(Data records)
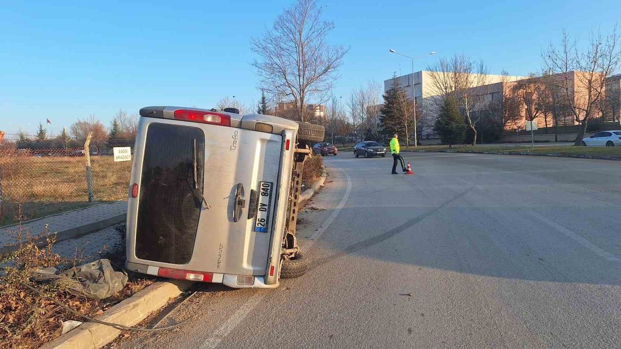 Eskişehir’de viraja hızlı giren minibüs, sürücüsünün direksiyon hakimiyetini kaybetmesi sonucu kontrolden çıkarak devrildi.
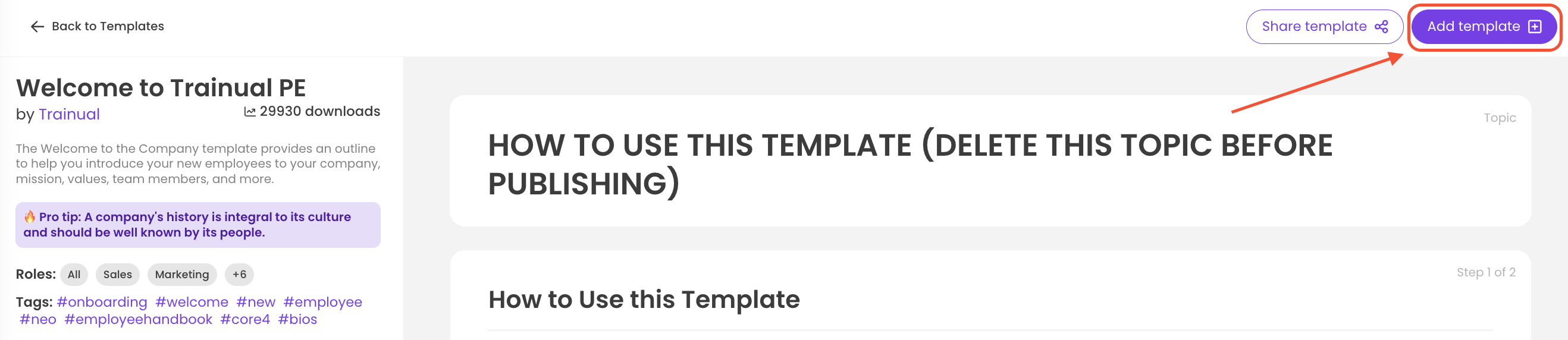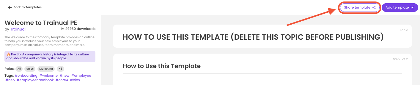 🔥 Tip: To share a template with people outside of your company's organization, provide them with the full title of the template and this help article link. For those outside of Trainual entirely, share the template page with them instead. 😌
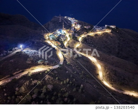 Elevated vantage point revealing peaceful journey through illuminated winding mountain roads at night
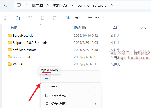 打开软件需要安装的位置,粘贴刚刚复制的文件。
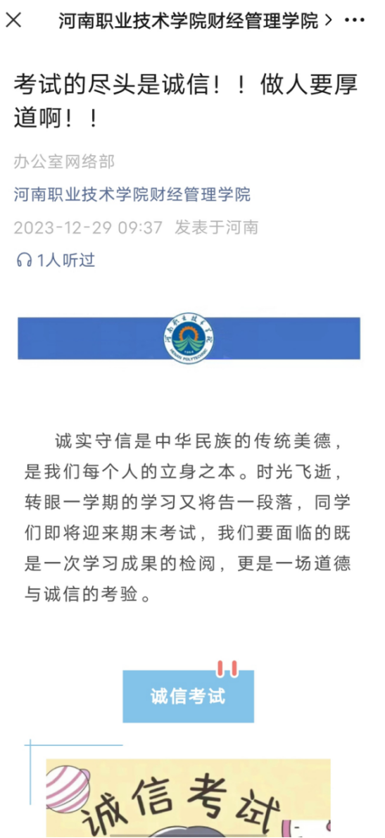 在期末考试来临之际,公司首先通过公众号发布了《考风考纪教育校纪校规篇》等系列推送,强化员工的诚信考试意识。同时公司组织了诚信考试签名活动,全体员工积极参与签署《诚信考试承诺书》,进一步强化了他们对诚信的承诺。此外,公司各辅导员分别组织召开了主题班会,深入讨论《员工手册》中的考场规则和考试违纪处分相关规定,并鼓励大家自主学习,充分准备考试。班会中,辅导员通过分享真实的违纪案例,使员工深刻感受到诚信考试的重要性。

How to complete this task: Pictures are to be left out; the lines from the start of the records above through the line holding "them instead. 😌" are to be returned exactly.

Output of the exercise:
 Eskişehir’de viraja hızlı giren minibüs, sürücüsünün direksiyon hakimiyetini kaybetmesi sonucu kontrolden çıkarak devrildi.
 🔥 Tip: To share a template with people outside of your company's organization, provide them with the full title of the template and this help article link. For those outside of Trainual entirely, share the template page with them instead. 😌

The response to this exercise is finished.